Banks and miners drag Australian shares, investors eye inflation risks

  • The S&P/ASX 200 index fell 0.6% to 8,554.20
Published May 20, 2026 Updated May 20, 2026 11:32am
By

The Australian equity benchmark fell slightly on Wednesday, as the heavily weighted banking and resource-linked stocks dragged, while Iran war-related inflationary pressures persisted.

The S&P/ASX 200 index fell 0.6% to 8,554.20 by 0028 GMT.

The benchmark closed up 1.2% on Tuesday.

The main index rebounded from its lowest in nearly seven weeks in the previous session, after the Reserve Bank of Australia indicated a wait-and-watch monetary policy path following three interest hikes this year.

RBA’s May board meeting minutes flagged that the central bank regards current monetary policy as adequately restrictive, giving it room to observe the impacts of the war on inflation and growth.
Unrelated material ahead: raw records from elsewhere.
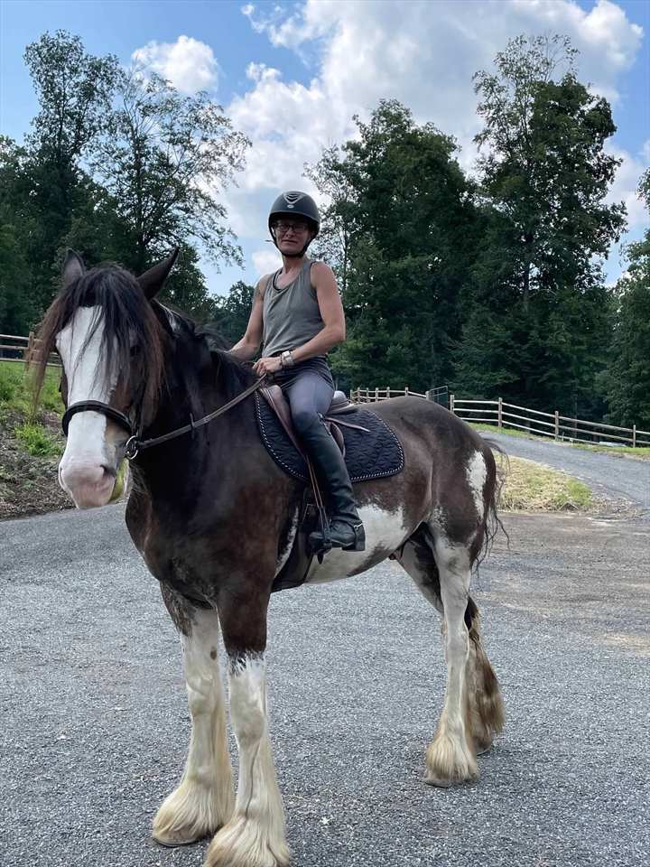 I have been riding since I was 3. My family owns a logging business that still uses horses and a small lesson barn. I started jumped as a kid, eventing 14-35 and moved to jumpers. I started giving intermediate/begginer lessons at 18 age. Schooling since I was 10. I always had to ride the lesson ponies that needed an attitude adjustment. That’s still my MO. Jumping, grooming, Barn manager, Exercise rider, Ground driving. Lunging, lessons. Clipping,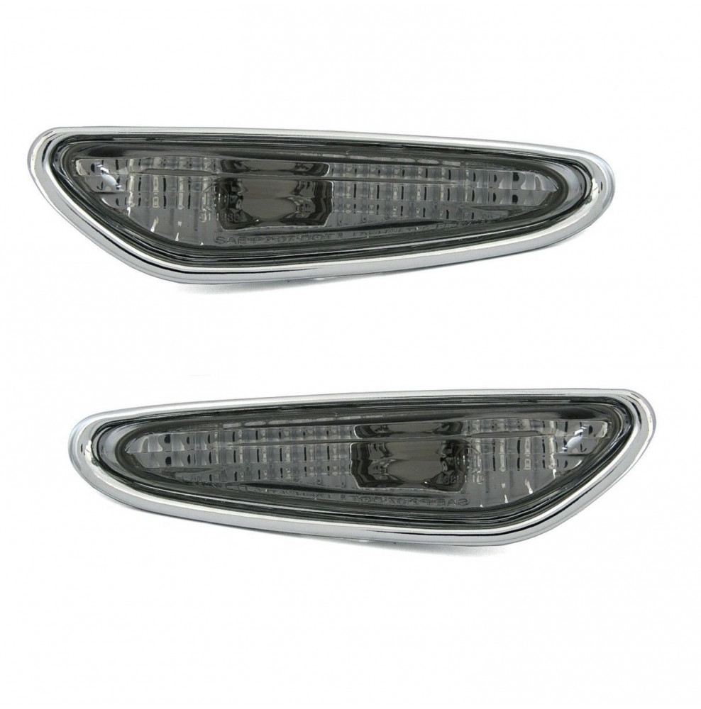 • Deux clignotants latéraux noir fumé cristal avec contours chrome (droit + gauche) et deux ampoules orange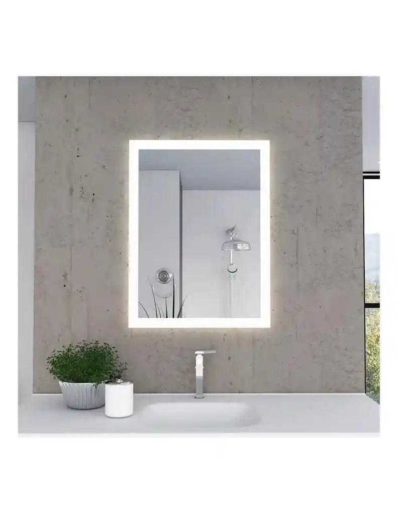 Espejo surrey Espejo rectangular con bordes en sandblasting, luz led y botón touch. Ensamble fácil a la pared con marco en MDP + chaflán Materiales: Espejo plata, cinta luz led, botón touch, chaflan en mdp. Medidas: 80 alto x 60 ancho x 3,4 espesor.
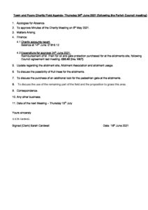 Town & Poors CHARITY Field AGENDA 24th June 2021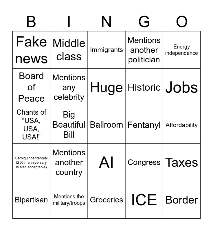 This bingo card has 25 words: Mentions another country, Groceries, Huge, Bipartisan, Energy independence, Fake news, Board of Peace, Middle class, Fentanyl, AI, Historic, Chants of “USA, USA, USA!”, Congress, Taxes, Mentions any celebrity, Border, Affordability, Immigrants, Jobs, Big Beautiful Bill, Ballroom, Mentions the military/troops, Semiquincentennial (250th anniversary is also acceptable), Mentions another politician and ICE.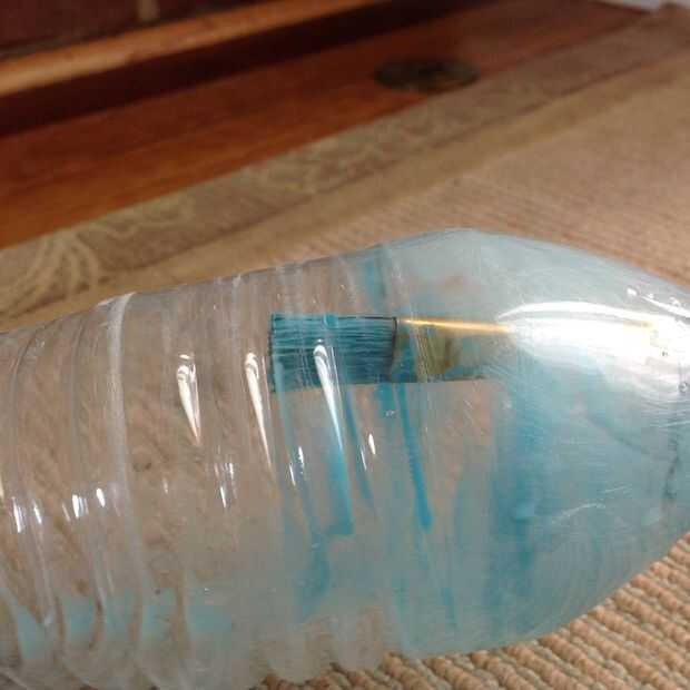 Tome su pintura y pincel y empezar a pintar el exterior, si se lija en la parte. Si se pinta el interior, puede encontrar difícil pintarla realmente bien. Resolví este problema rellenando la botella con un poco de agua (al final de las pequeñas crestas que pueden ser en la parte inferior) y en algunas pinturas. Luego tapa la botella y descolocó bastante bien. La pintura se convirtió en más líquido y sólo en alrededor de los bordes, cubrir de pintura. Después de un tiempo, tal vez encuentre que las botellas tienen pintura simplemente deslizamiento interior. Simplemente gire la botella o sacudir otra vez hasta que la pintura se seca o basta en los rasguños. Luego solo espere que se seque.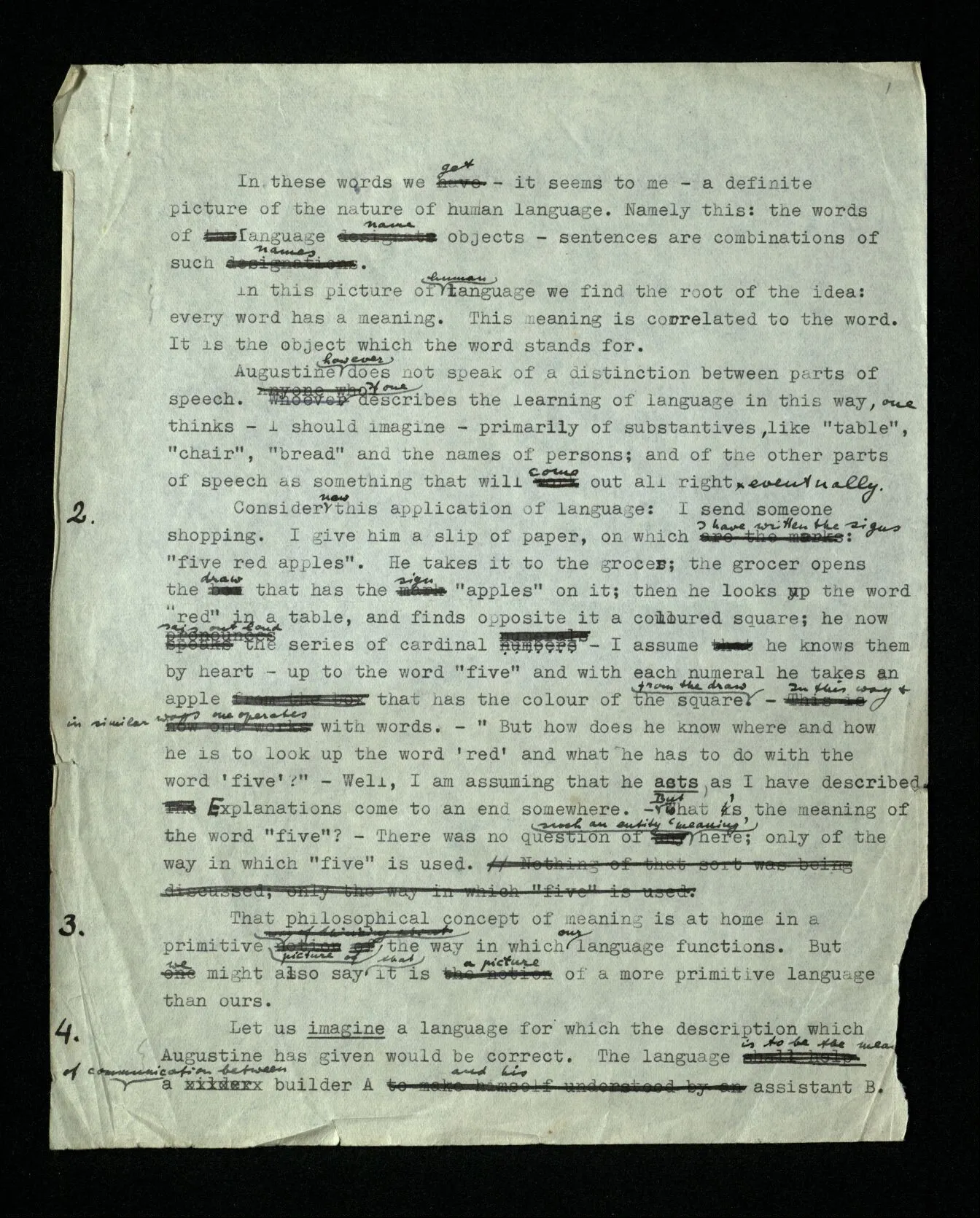 2 Consider now this application of language: I send someone shopping. I give him a slip of paper, on which I have written the signs: “five red apples”. He takes it to the grocer; the grocer opens the drawer that has the sign “apples” on it; then he looks up the word “red” in a table, and finds opposite it a coloured square; he now says out loud the series of cardinal numbers – I assume he knows them by heart – up to the word “five” and with each numeral he takes an apple that has the colour of the square from the drawer. – In this way & in similar ways one operates with words. – “But how does he know where and how he is to look up the word ‘red’ and what he has to do with the word ‘five’?” – Well, I am assuming that he acts, as I have described. Explanations come to an end somewhere. – But what’s the meaning of the word “five”? – There was no question of such an entity ‘meaning’ here; only of the way in which “five” is used.
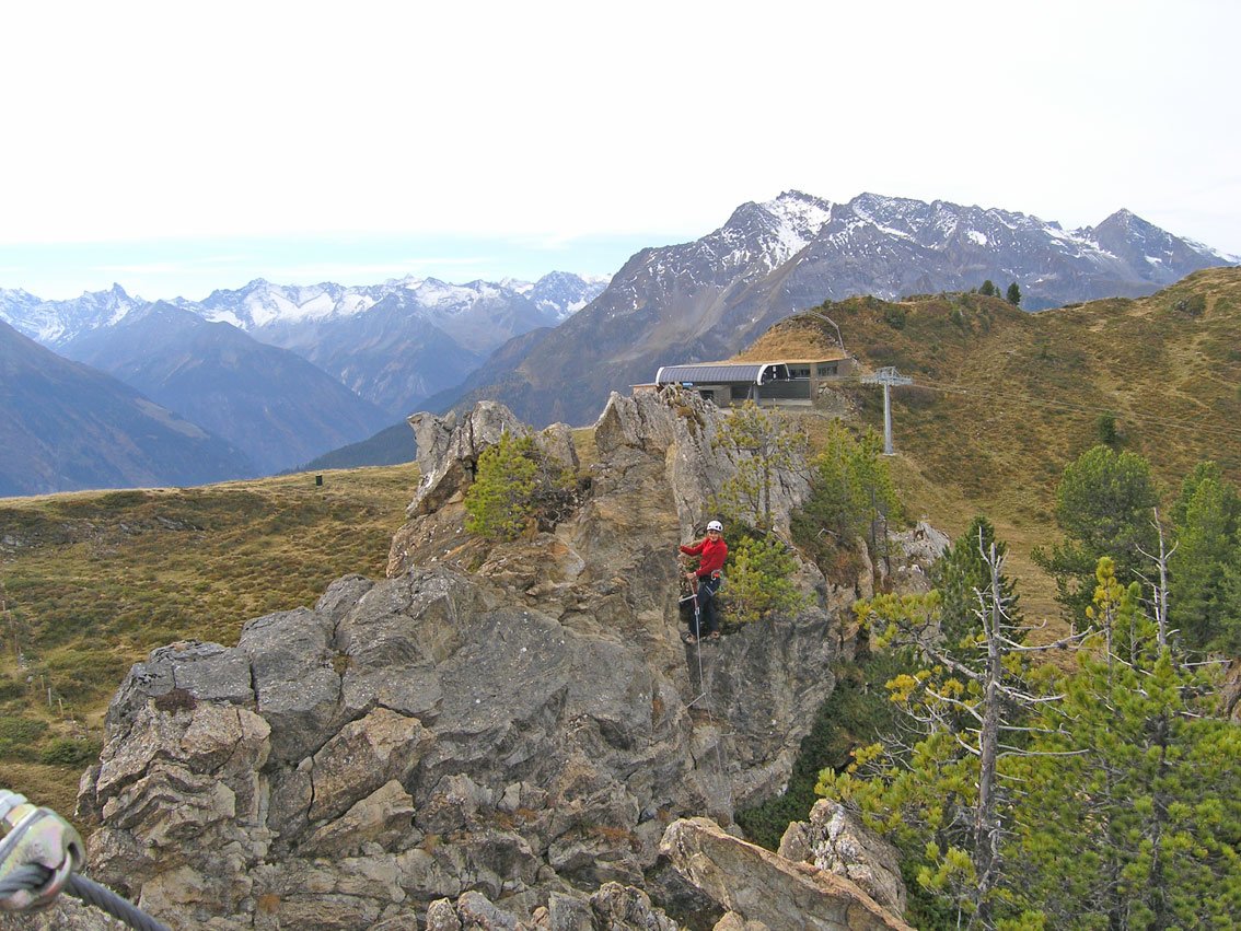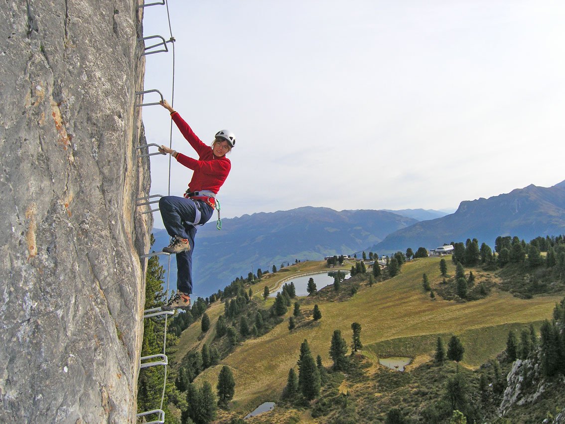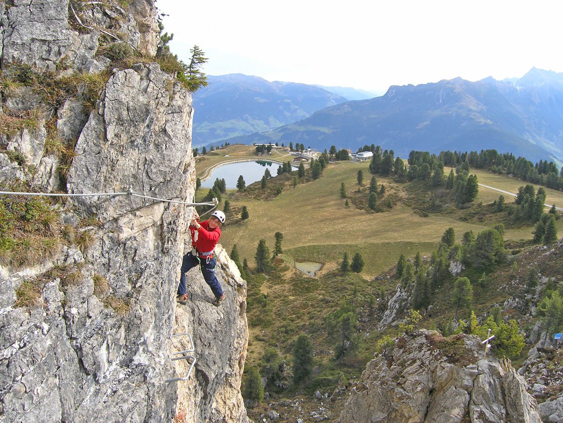 Zwei kurze, aber nicht uninteressante Übungsferratas mit Ausblick zu den Eisriesen der Zillertaler Alpen. Den Knorren kann man in drei Varianten „bezwingen“ - der mittlereAnstieg ist kühn und ausgesetzt, die linke und rechte Variante sind familientauglich. Bei Auffahrtmit der Bergbahn ist der Steig in Kombination mit einer Wanderung eine schöne Unternehmung.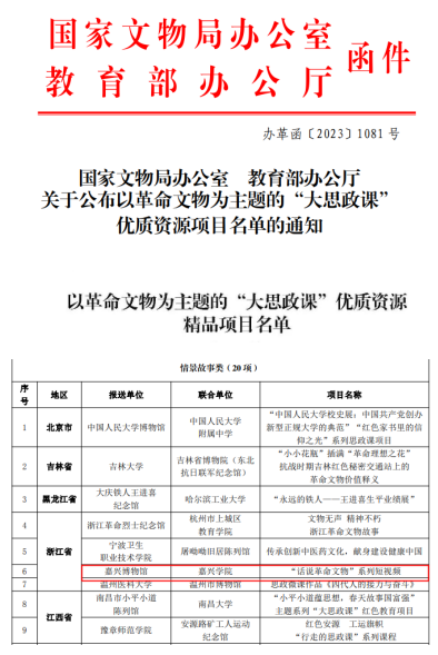 11月27日,在全国大中小学思想政治教育一体化战略研讨会上,国家文物局、教育部共同发布了以革命文物为主题的“大思政课”优质资源项目名单。老虎机和嘉兴博物馆联合打造的“话说革命文物”系列短视频入选以革命文物为主题的“大思政课”优质资源精品项目(情景故事类)。

The central bank is, however, worried that higher energy costs will feed through to consumer prices quickly, given the stretched state of the domestic economy, potentially creating a significant shift in inflation expectations.

Financials lost 0.6%, led by a 0.6% decline in top lender Commonwealth Bank of Australia.

Mining stocks fell for the fifth session in a row, with iron ore and copper prices hitting multi-week lows.

BHP , Rio Tinto and Fortescue shed about 1%-2%. Among gold miners, index leaders Northern Star Resources and Evolution Mining fell 1.5% and 2.6%, respectively.

The industrials sub-index declined 0.2%, with James Hardie’s falling as much as 5.1% after the fibre cement maker forecast annual earnings below market expectations.

Energy stocks defied weakness in crude prices to advance for the fourth straight session, with sector majors Woodside Energy and Santos rising 0.7% and 1%, respectively.

Across the Tasman Sea, New Zealand’s benchmark S&P/NZX 50 index fell 1.1% to 12,834.02.